Thu Aug 17 23:55:51 AEST 2017

"Paul E. McKenney" <paulmck at linux.vnet.ibm.com> writes:

> On Wed, Aug 16, 2017 at 05:56:17AM -0700, Paul E. McKenney wrote:
>> On Wed, Aug 16, 2017 at 10:43:52PM +1000, Michael Ellerman wrote:
>> > "Paul E. McKenney" <paulmck at linux.vnet.ibm.com> writes:
>> > ...
>> > >
>> > > commit 33103e7b1f89ef432dfe3337d2a6932cdf5c1312
>> > > Author: Paul E. McKenney <paulmck at linux.vnet.ibm.com>
>> > > Date:   Mon Aug 14 08:54:39 2017 -0700
>> > >
>> > >     EXP: Trace tick return from tick_nohz_stop_sched_tick
>> > >     
>> > >     Signed-off-by: Paul E. McKenney <paulmck at linux.vnet.ibm.com>
>> > >
>> > > diff --git a/kernel/time/tick-sched.c b/kernel/time/tick-sched.c
>> > > index c7a899c5ce64..7358a5073dfb 100644
>> > > --- a/kernel/time/tick-sched.c
>> > > +++ b/kernel/time/tick-sched.c
>> > > @@ -817,6 +817,7 @@ static ktime_t tick_nohz_stop_sched_tick(struct tick_sched *ts,
>> > >  	 * (not only the tick).
>> > >  	 */
>> > >  	ts->sleep_length = ktime_sub(dev->next_event, now);
>> > > +	trace_printk("tick_nohz_stop_sched_tick: %lld\n", (tick - ktime_get()) / 1000);
>> > >  	return tick;
>> > >  }
>> > 
>> > Should I be seeing negative values? A small sample:
>> 
>> Maybe due to hypervisor preemption delays, but I confess that I am
>> surprised to see them this large.  1,602,250,019 microseconds is something
>> like a half hour, which could result in stall warnings all by itself.
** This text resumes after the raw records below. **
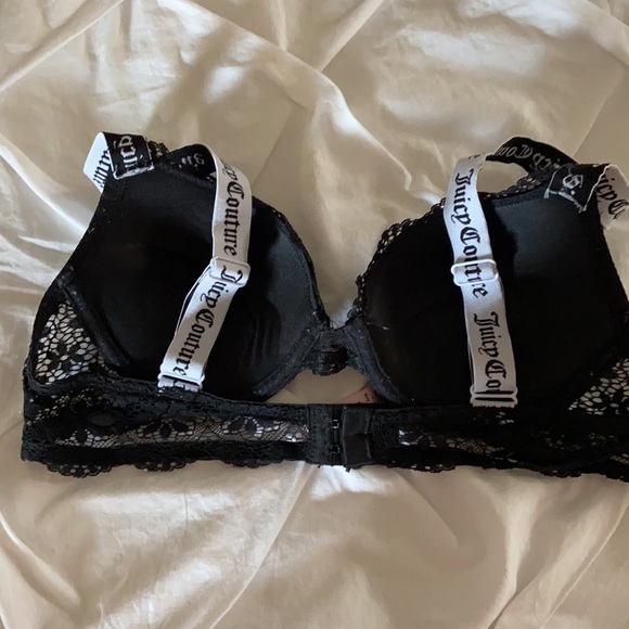 Black Lace Juicy Couture bra. Adjustable strap. Classic Black and white straps, underwire, padded. Size 34B
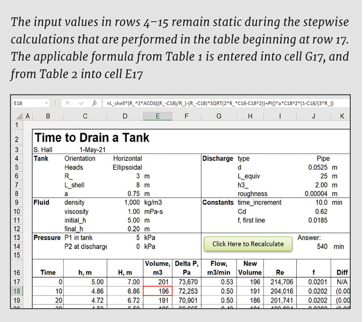 FLUID flow principles can be used to calculate the time needed to drain the contents from a tank. This month I will show you how. The formulas for tanks with simple geometries can be integrated to give an elegant solution. You can approximate the time it takes to drain a tank for other shapes by using the integrated form from a similar tank, or by performing stepwise calculations to integrate the formulas using brute force, the method that I am describing here.
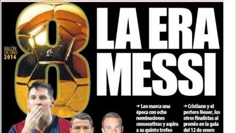 Portada del periódico Mundo Deportivo, martes 2 de diciembre de 2014. Leo marca una época con ocho nominaciones consecutivas y aspira a su quinto Balón de Oro. Cristiano y el portero Neuer, los otros finalistas al premio en la gala del 12 de enero.

Hmm. This is a bare metal machine. So no hypervisor.

>> I will take a look!
>
> And from your ps output, PID 9 is rcu_sched, which is the RCU grace-period
> kthread that stalled.  This kthread was starved, based on this from your
> dmesg:
>
> [ 1602.067008] rcu_sched kthread starved for 2603 jiffies! g7275 c7274 f0x0 RCU_GP_WAIT_FQS(3) ->state=0x1
>
> The RCU_GP_WAIT_FQS says that this kthread is periodically scanning for
> idle-CPU and offline-CPU quiescent states, which means that its waits
> will be accompanied by short timeouts.  The "starved for 2603 jiffies"
> says that it has not run for one good long time.  The ->state is its
> task_struct ->state field.
>
> The immediately preceding dmesg line is as follows:
>
> [ 1602.063851]  (detected by 53, t=2603 jiffies, g=7275, c=7274, q=608)
>
> In other words, the rcu_sched grace-period kthread has been starved
> for the entire duration of the current grace period, as shown by the
> t=2603.
>
> Lets turn now to the trace output, looking for the last bit of the
> rcu_sched task's activity:
>
>        rcu_sched-9     [054] d...  1576.030096: timer_start: timer=c0000007fae1bc20 function=process_timeout expires=4295094922 [timeout=1] cpu=54 idx=0 flags=
>     ksoftirqd/53-276   [053] ..s.  1576.030097: rcu_invoke_callback: rcu_sched rhp=c000000fcf8c4eb0 func=__d_free
>        rcu_sched-9     [054] d...  1576.030097: rcu_utilization: Start context switch
>     ksoftirqd/53-276   [053] ..s.  1576.030098: rcu_invoke_callback: rcu_sched rhp=c000000fcff74ee0 func=proc_i_callback
>        rcu_sched-9     [054] d...  1576.030098: rcu_grace_period: rcu_sched 7275 cpuqs
>        rcu_sched-9     [054] d...  1576.030099: rcu_utilization: End context switch
>
> So this task set up a timer ("timer_start:") for one jiffy ("[timeout=1]",
> but what is with "expires=4295094922"?)

That's a good one.

I have HZ=100, and therefore:

INITIAL_JIFFIES = (1 << 32) - (300 * 100) = 4294937296

So the expires value of 4295094922 is:

4295094922 - 4294937296 = 157626

Jiffies since boot.

Or 1576,260,000,000 ns == 1576.26 s.

> Of course, the timer will have expired in the context of some other task,
> but a search for "c0000007fae1bc20" (see the "timer=" in the first trace
> line above) shows nothing (to be painfully accurate, the search wraps back
> to earlier uses of this timer by rcu_sched).  So the timer never did fire.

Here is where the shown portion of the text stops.